Biden's infrastructure proposal, for example, spends money over 8 years, but pays for it over 15 — a scenario that's unlikely to play out without congressional intervention in the latter years.

“Ensuring an inclusive, fair, prosperous and moral economic system means not only meeting today’s urgent challenges in a responsible way, but securing our fiscal position over the long term," said Michael Peterson, CEO of the Peterson Foundation, an anti-deficit group.

"In order to have the strength and resources we need to truly tackle our critical challenges over the long run, we need to build our economic future on a sustainable fiscal foundation.”

But progressives are pushing back, questioning the long-held belief that high debts will shift the economy into a lower gear.

The left-leaning Economic Policy institute said the budget "shows what true 'fiscal responsibility' means" by making investments to tackle inequality and level the playing field in the labor market.

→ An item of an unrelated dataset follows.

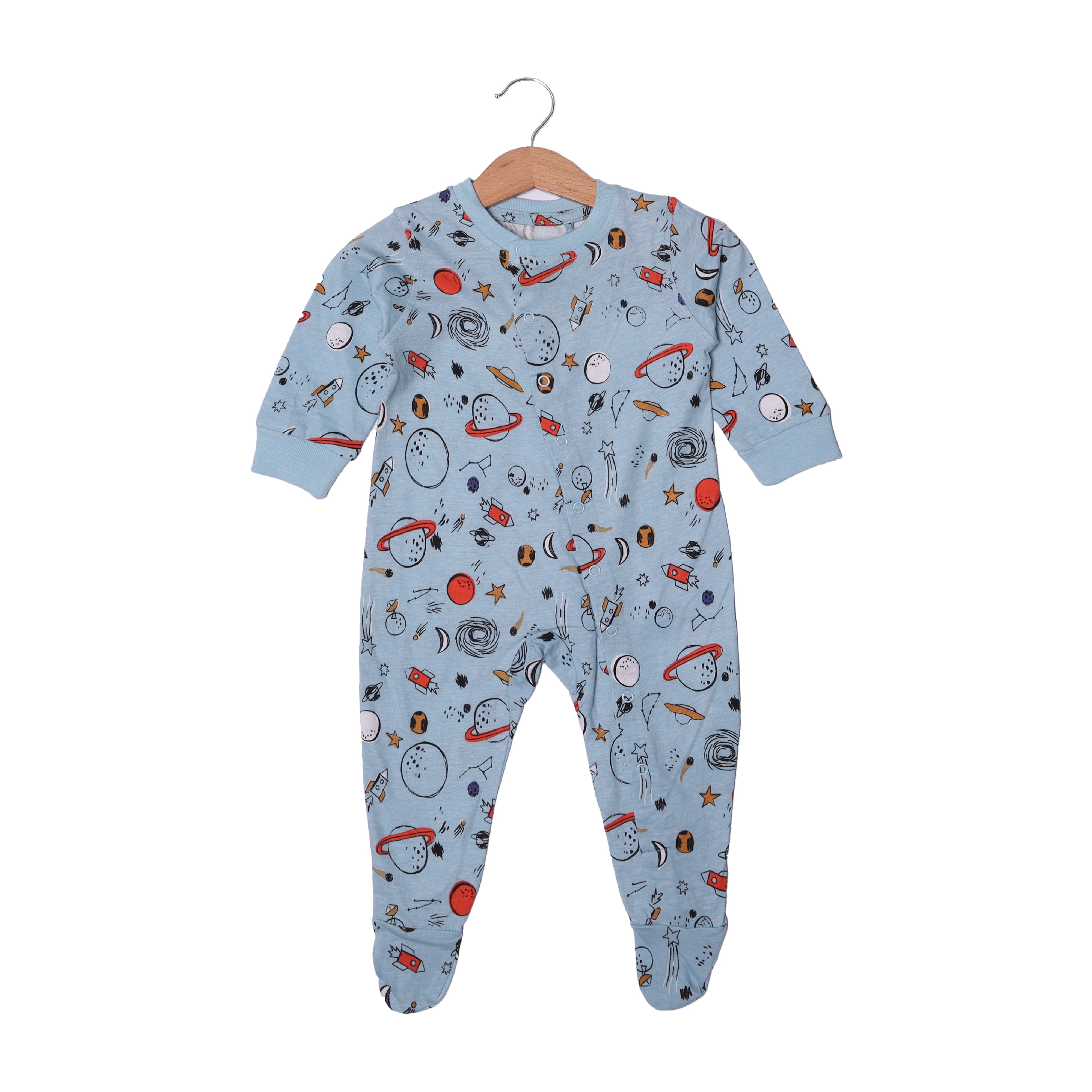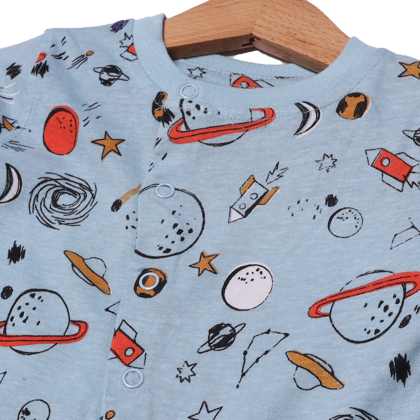 BLUE PLANETS & U.F.O PRINTED FULL BODY FULL SLEEVES ROMPERS

A variety of progressive groups banded together to counter traditional arguments on fiscal policy, calling themselves "Stop Deficit Squawks."

“We have heard from a select group of organizations for a decade, more than that, that we constantly need to be worried about the debt and the deficit. They get a lot quieter when it’s a discussion for tax cuts for corporations,” said Maura Quint, executive director of Tax March, one of the progressive groups.

“What we have seen time and time again is that it bears no fruit.”

But the pushback hasn't satisfied those who warn that the debt is already eating away at growth, and may eventually tip the economy into crisis.

"While emergency government intervention was justified to address the recent health and economic crises, a continuation of such fiscal trends will harm future generations of Americans, who will be left with the burden of both paying increasing interest costs and paying off the growing national debt," the Bipartisan Policy Center said in a statement responding to the budget.